If ARA had all of the money they needed Brown said it would take about 1 to 2 years to complete the human trials. Realistically though, he said, they’re still about 5 years away from any sort of drug making it to the pharmacy. Besides reaching out to new donors they’re also looking to form a partnership with a drug company to speed up the process.
McDermott estimates ARA needs another 2 million to get the clinical trials in humans.
“Eventually we hope that with this medication by itself, or in combination with others, it could get people off of medications completely,” Brown said. When asked if that meant a cure for HIV he responded, “yes but a lot of people don’t like to use that term. It’s still controversial.”
Even if prostratin proves not to be a cure Brown believes it may lead to a new class of drugs called HIV reservoir ablative agents that would attack the reservoirs.
“We’re hoping to begin a new approach with the flushing of these reservoirs,” Brown said.
Viist www.AIDSresearch.org for more information.
1800s – Polynesian healers start using the Mamala tree in native medicines. In Samoa a tea from the tree’s bark is used to treat viral hepatitis.
1987 -- Ethnobotanist Dr. Paul Cox meets a native healer in Samoa who introduces him to 121 different indigenous treatments including the tea made with the Mamala bark.
1991 – Cox sends a sample of the tea to the National Cancer Institute, which screens it for it’s potential at fighting cancer. NCI isolates an active molecule from the tea and labels it “prostratin.”
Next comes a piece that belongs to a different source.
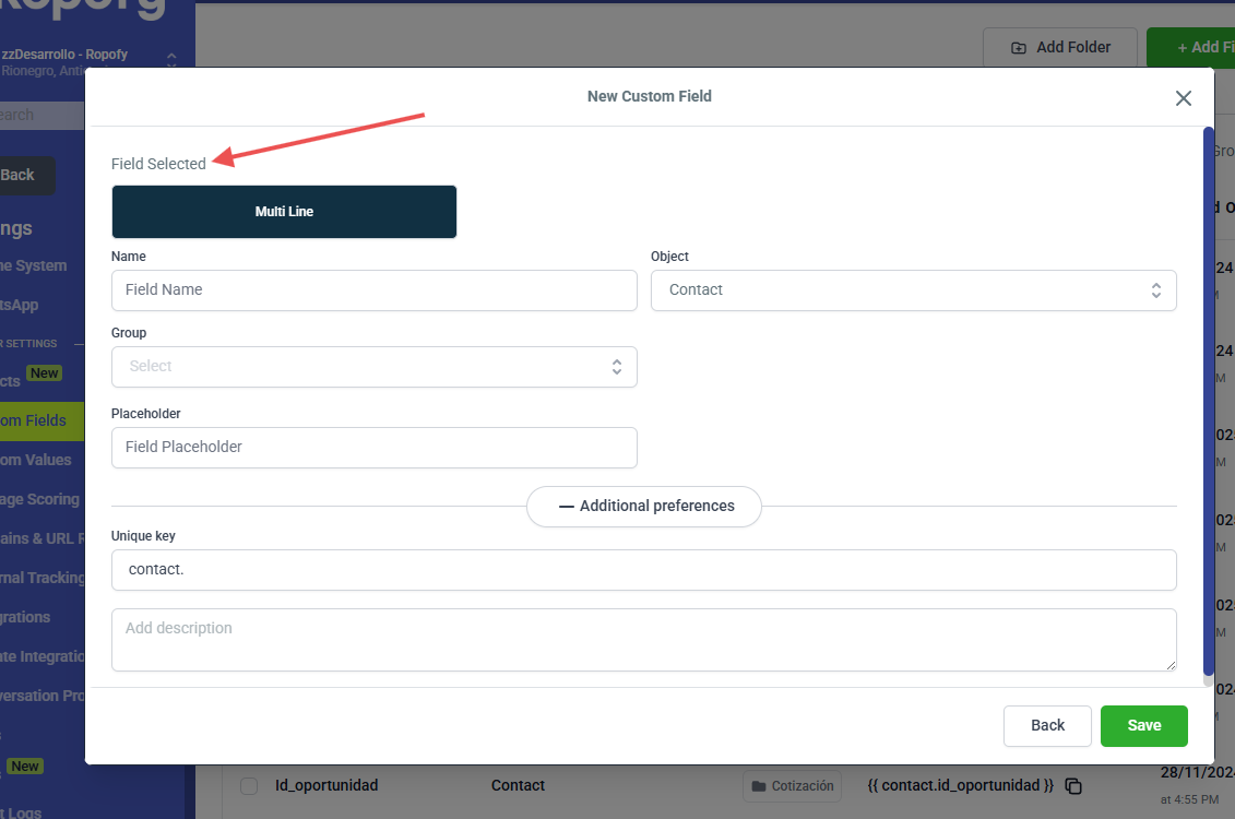 Para crear un campo personalizado, localiza el botón verde "Agregar Campo" en la parte superior derecha de la pantalla, haz clic en él y observa cómo aparece una ventana emergente. En ella, puedes completar todos los detalles necesarios para agregar tu campo personalizado.

1992 – NCI screens prostratin to see if it has any anti-HIV abilities. They discover it stops HIV from infecting healthy cells. But it also activates HIV production in cells that are infected but dormant. It’s deemed counterproductive and shelved for the next 7 years.
1999 – Dr. Stephen Brown at the Aids Research Alliance learns of prostratin from a presentation.
2002 – ARA and UCLA are awarded a grant from California AIDS Research Center to develop methods to measure the effects of prostratin on HIV reservoirs. Scientists from ARA and UCLA publish the first scientific paper on prostratin in Journal of Virology.
2003 – The world’s first symposium is held on HIV reservoirs
2004 – Another paper published about prostratin reports on prostratin’s ability to act as an “entry inhibitor,” stopping HIV from infecting healthy cells.
2005 – All federally funded prostratin research ends when the Bush administration closes the NIH-DART (National Institute of Health, Development of AIDS Related Therapeutics Program) program.
2005-2007 – ARA has to rely on private funds to recruit a major contract research lab to continue the Federal and Drug Administration’s required pre-clinical studies. Over the next 18 months key toxicology studies proves prostratin poses no risk of causing cell mutation or tumors.
2007 – ARA collects blood samples from 6 HIV positive patients to assess the lowest amount of prostratin needed to activate HIV.
2008 – Dr. Paul Wender discovers how to create prostratin synthetically, which in turn reignites the research of prostratin.
Present – Clinical trials in animals are taking place, but money is needed to get the trials into human beings.